**Stored data**.
*** Block opens ***
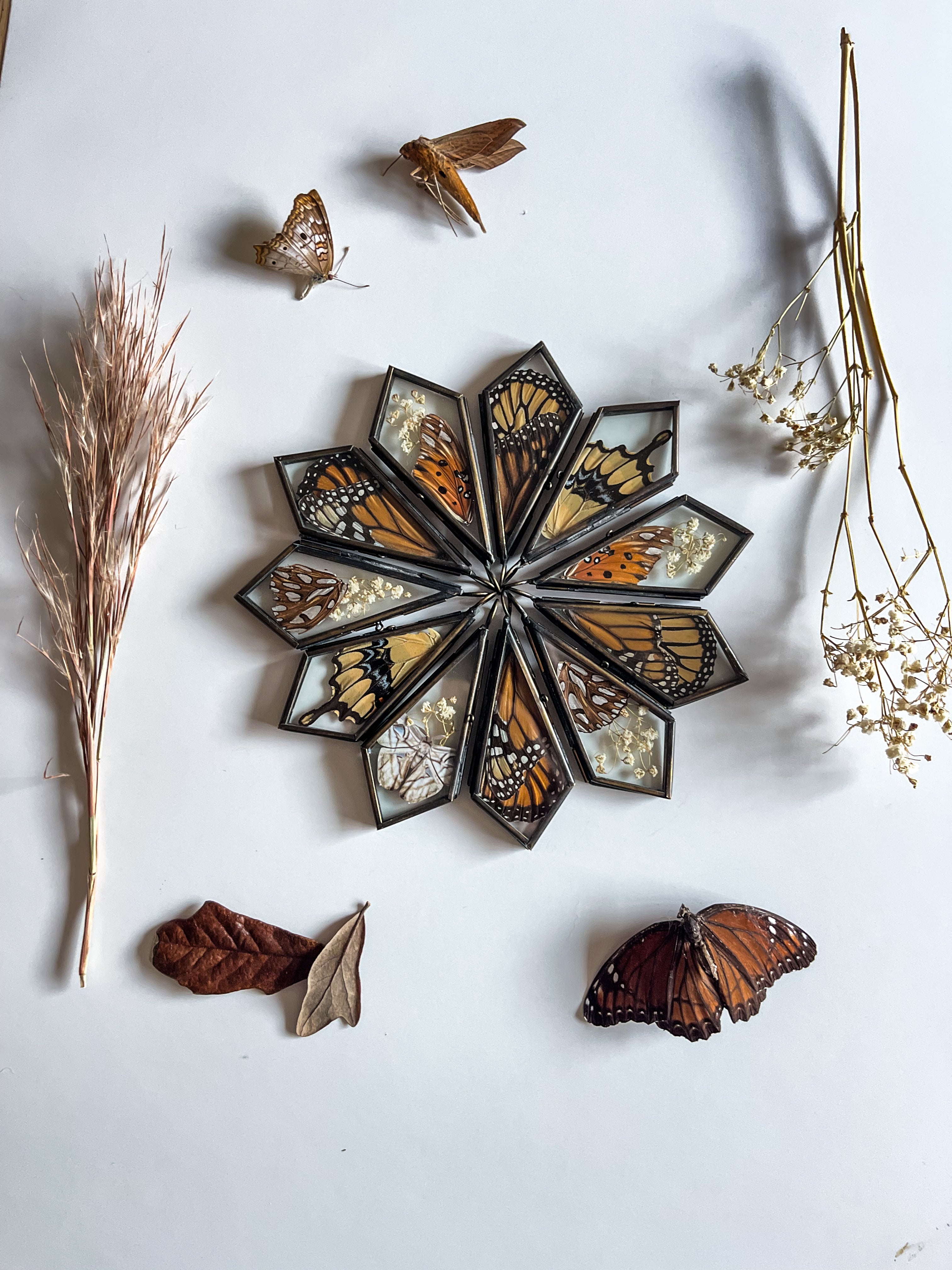 Insect wings were acquired ethically in my travels. All flora is dried by me.
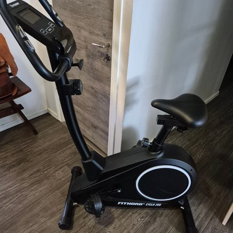 Kuntopyörä musta ja harmaa väri, varustettu polkimilla ja satulalla. Sopii kotikäyttöön kuntoiluun ja pyöräilyharjoitteluun.
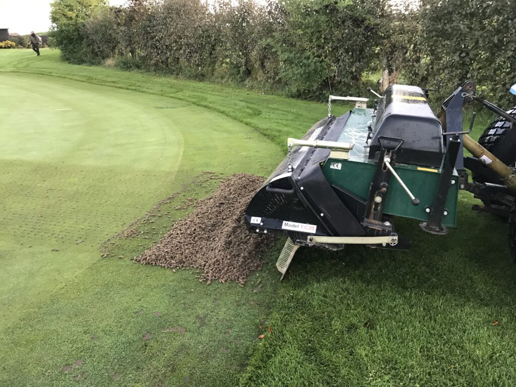 Arbejdet på greens med propning og opsamling foretages i samarbejde med de lokale greenkeepere i Hobro Golf Klub.
*** Block closes ***
**Your objective**.
Only the lines from the line holding "Kuntopyörä musta ja" through the last line above belong in the answer, repeated exactly; the pictures do not.

**Completed exercise**.
 Kuntopyörä musta ja harmaa väri, varustettu polkimilla ja satulalla. Sopii kotikäyttöön kuntoiluun ja pyöräilyharjoitteluun.
 Arbejdet på greens med propning og opsamling foretages i samarbejde med de lokale greenkeepere i Hobro Golf Klub.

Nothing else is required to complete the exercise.